Chapter 6, Problem 33P

A sled is initially given a shove up a frictionless 23.0° incline. It reaches a maximum vertical height 1.22 m higher than where it started at the bottom. What was its initial speed?

To determine

Initial speed of the sled.

Answer to Problem 33P

Solution:Initial speed of the sled is 4.9 m/s.

Explanation of Solution

Given:Final height, $h_f=1.22\text{ m}$

Formula Used:

The forces acting on sled are the force due to gravity and normal force. Work done by the normal force is zero because of perpendicular to the direction motion.

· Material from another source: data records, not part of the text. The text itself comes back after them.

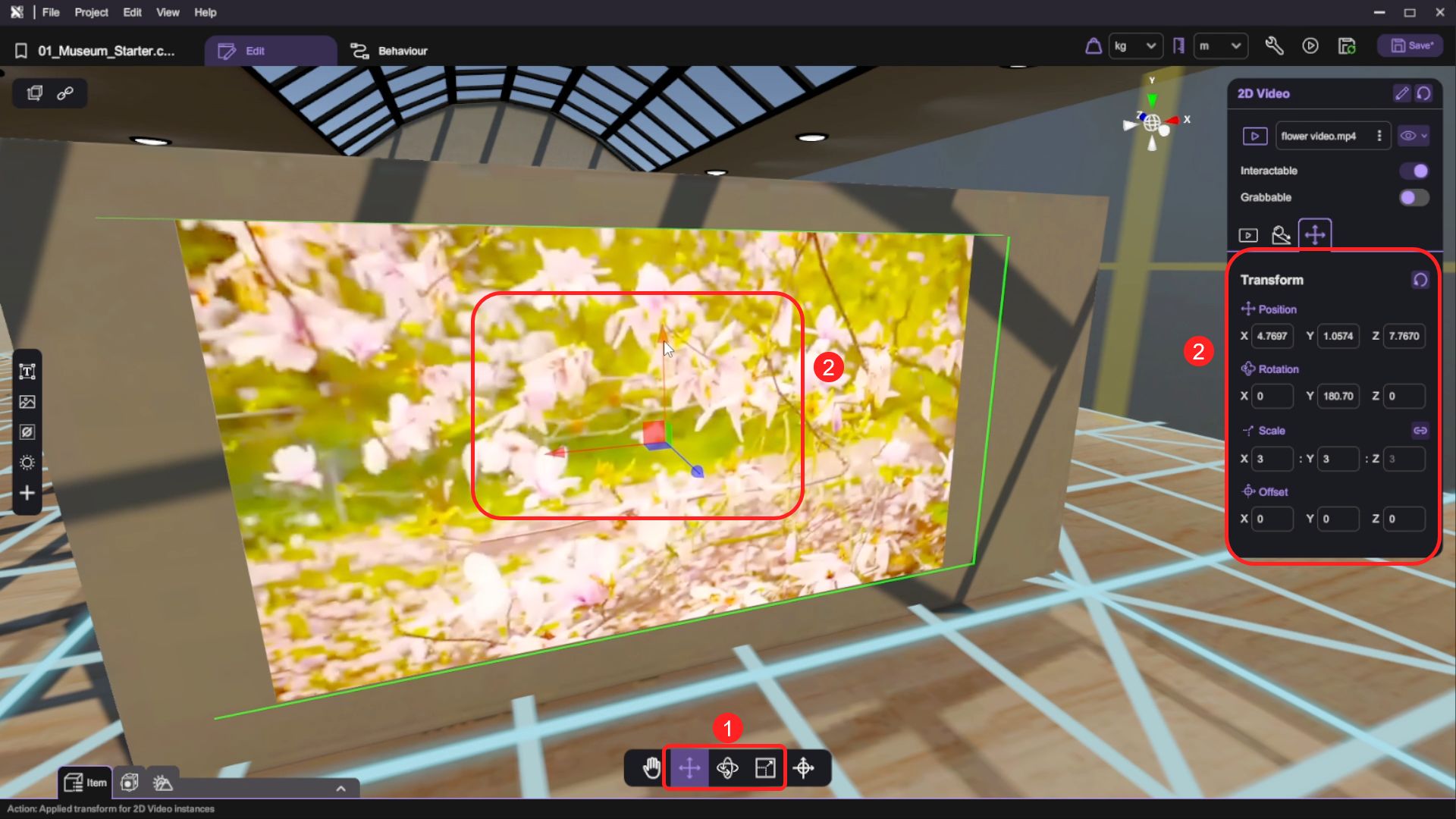 - Use the transform tools (move/rotate/scale) to reposition the 2D video object to the wall on the middle row.
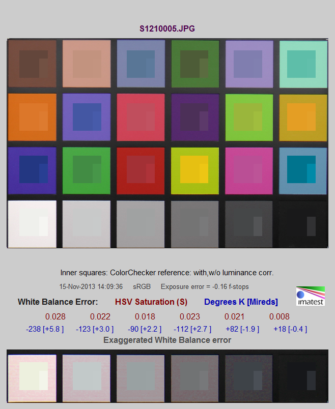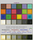 На изображениях в каждом поле малый внутренний прямоугольник является эталонным цветом, а внутренний квадрат — полученным камерой, но приведенным по яркости и контрасту, внешний квадрат — необработанная область, полученная с камеры. Красные числа обозначают отклонения цвета по шкале S в цветовом пространстве HSV, а синие — в градусах Кельвина.
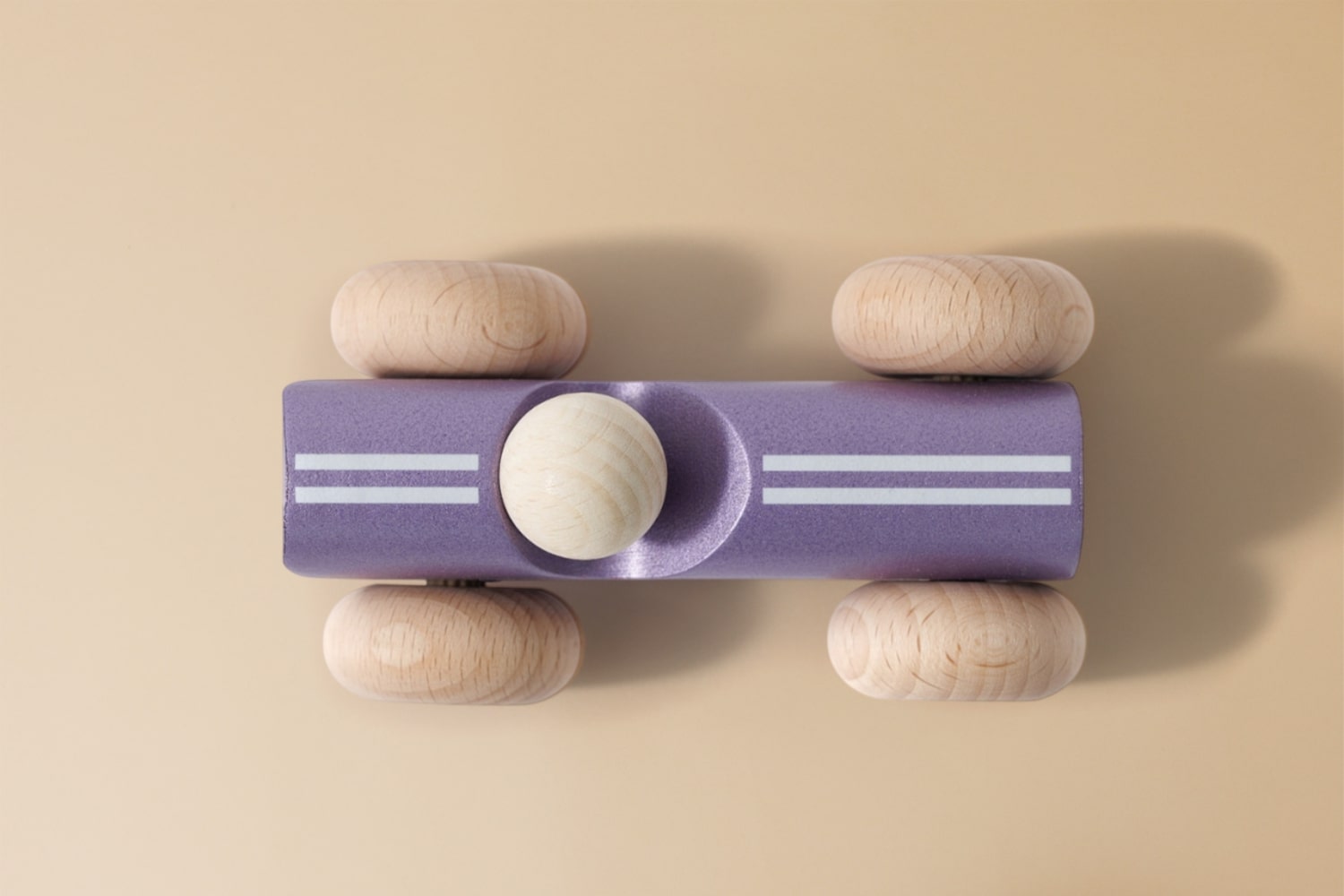Das Auto hat unlackierte Elemente, was den Werten unseres Unternehmens entspricht, das dafür sorgt, dass jedes Spielzeug ein natürliches Element aus Holz hat und nicht lackiert ist.

According to the law of conservation of energy

  $\begin{array}{l}{E}_{initial}=E_{final}\\ mg{h}_i+\frac{1}{2}m{v}_1{}^2=mg{h}_f+\frac{1}{2}m{v}_f{}^2\end{array}$

Where m is the mass of sled, $h_i$ is the initial height of sled, $v_i$ is the initial velocity of the sled, $v_f$ is the final velocity of the sled, $h_f$ is the final height of the sled, g is acceleration due to gravity.

Calculations:

The sled moving along the ground before it has gained any height. It has kinetic energy and no potential energy. The sled having slid up the plane and come to a rest, it has potential energy and no kinetic energy,

Substituting final height value in above equation and solve for initial velocity

  $\begin{array}{l}mg{h}_i+\frac{1}{2}m{v}_i{}^2=mg{h}_f+\frac{1}{2}m{v}_f{}^2\\ 0+\frac{1}{2}m{v}_i{}^2=mg{h}_f+0\\ \frac{1}{2}m{v}_i{}^2=mg{h}_f\\ v_i{}^2=2g{h}_f\\ v_i=\sqrt{2g{h}_f}\\ v_i=\sqrt{2\times 9.8\times 1.22}\\ v_i=\sqrt{23.91}\\ v_i=4.88=4.9\text{ m/s}\end{array}$

The initial velocity of the sled is $4.9\text{ m/s}$ and angle of the incline is not relevant to the solution.

Conclusion:The sled is moving atthe initial speed of $4.9\text{ m/s}$ to reach the maximum vertical height of $1.22\text{m}$ higher than where it started at the bottom.